I cannot tell from your tone and the jab at “technical geniuses” if you’re saying this is a bad thing.

Yes, environmental protection costs money. This money should be paid by the companies who are directly or potentially placing the environment at risk. This burden should not be externalized onto the public so private entities can make more money.

Lawyers gaming the legal system or enabling their clients to cause long term harm could face the possibility of disbarment.
Here is the actual document for anyone curious:

https://www.federalregister.gov/documents/2018/04/30/2018-09...
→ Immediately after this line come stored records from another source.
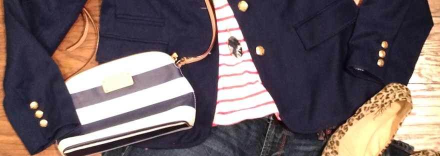 Blazer: Banana Republic, Shirt: J Crew, Jeans: Old Navy, Leopard flats: Lucky Brand, Purse: Kate Spade, Necklace: purchased at a local boutique
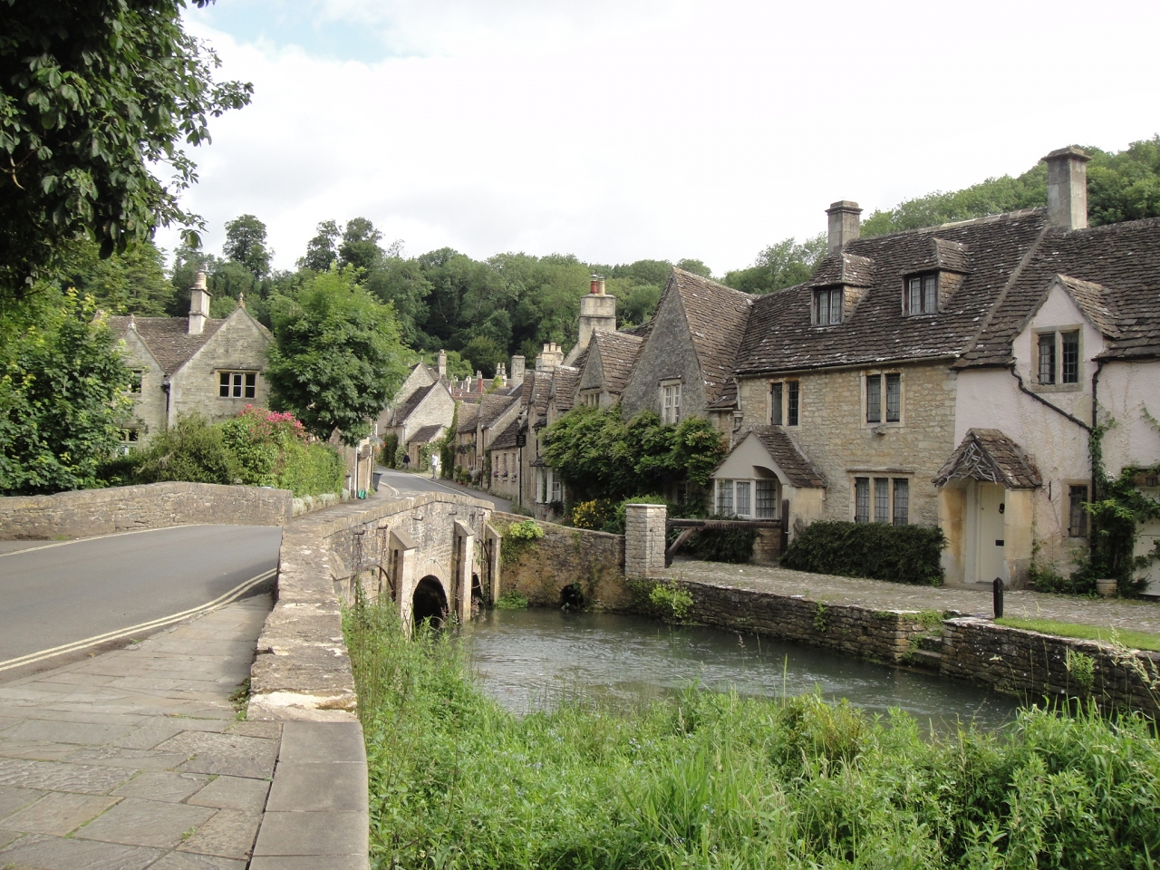 コッツウォルズの南側にある小さな村です。アクセスが悪いのでバースからのツアーを利用して行きました。村の中心にはマーケット・クロスとよばれるモニュメントがあり、そのそばにはセント・アンドリュー教会が建っています。教会の中は自由に見学ができます。中には、1270年に亡くなったカッスルクームの男爵、Sir Walter de Dunstanvilleという人物の墓があります。坂を下っていくと、15世紀からあるというライムストーンの家々が並んでいます。坂を下り切って橋を渡った先には、もうゆたかな緑の森が広がっています。とても小さな村ですが、古い建物がそのまま残され、自然と調和したすてきな村でした。
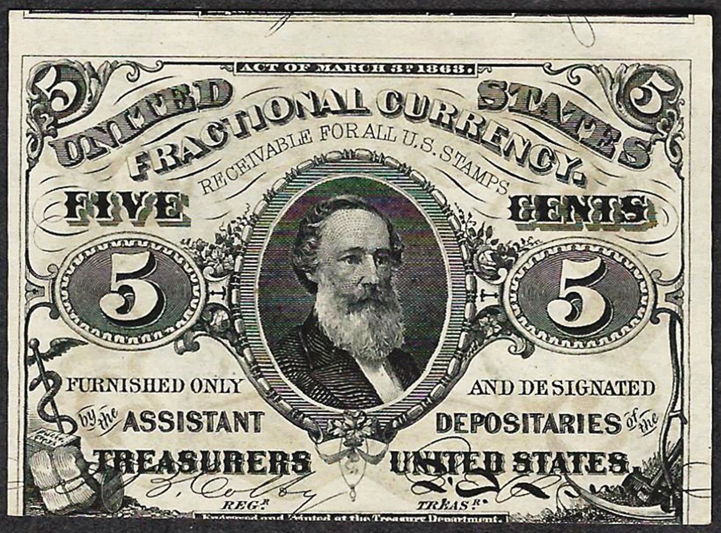One March 3, 1863 Five Cents Third Issue Fractional Currency Note.
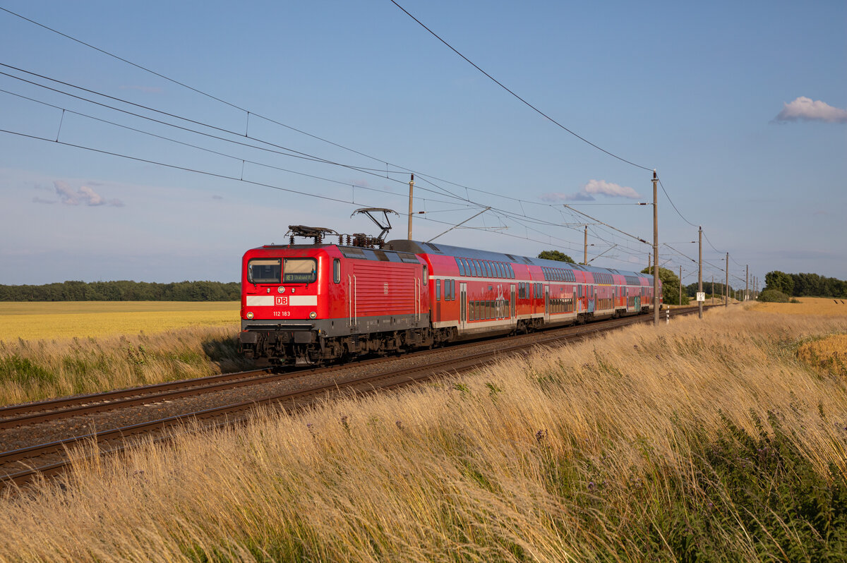 101 019 "Fahrtziel Natur" zieht Nachtzug/IC 408 von Berlin nach Leipzig, hier kurz vor Trebbin im letzten Abendlicht. Im Hintergrund die Brücke der B101. Trebbin, der 07.07.2023
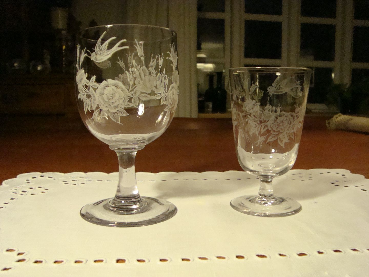 Porterglas med ætset svalemotiv højde 14 cm. kr. 750
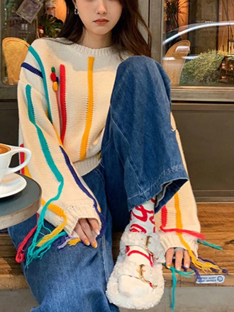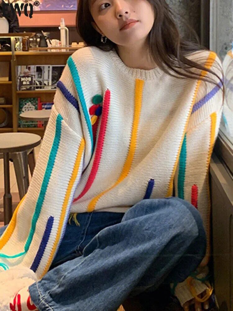 [EWQ] Oネック 長袖 ゆったり カラフル ストライプ テル 厚手 暖かい レディース ニット プルオーバー セーター トップス 秋冬 16U6145 ロング オータム 秋物 ウィンター 冬物

I think it sounds great. Reproducability and verifiability are extremely import in scientific research. Unlike what this article and some people here claim, it does make provisions for protecting the privacy of users. I also don't see anything hinting that it will affect past studies retroactively.

My only complaint is that it targets the EPA specifically, which is pretty suspicious with the current political situation. It would be great if this affected all studies which receive public funding.

The burden seems to be flipped here. You can't release a medical product until you have reproducible and verifiable results proving your product is safe and effective. When it comes to the environment you can release something until it's proven that it's not safe and effective. They're increasing the burden under the nomenclature of science, when in reality it's a cost/benefit between a company's profits and the quality of life of everyone.

I don't mean to sound anti-corprate, but environmental regulations only exist because companies externalize costs onto society and this increases the burden for balancing exposing that cost.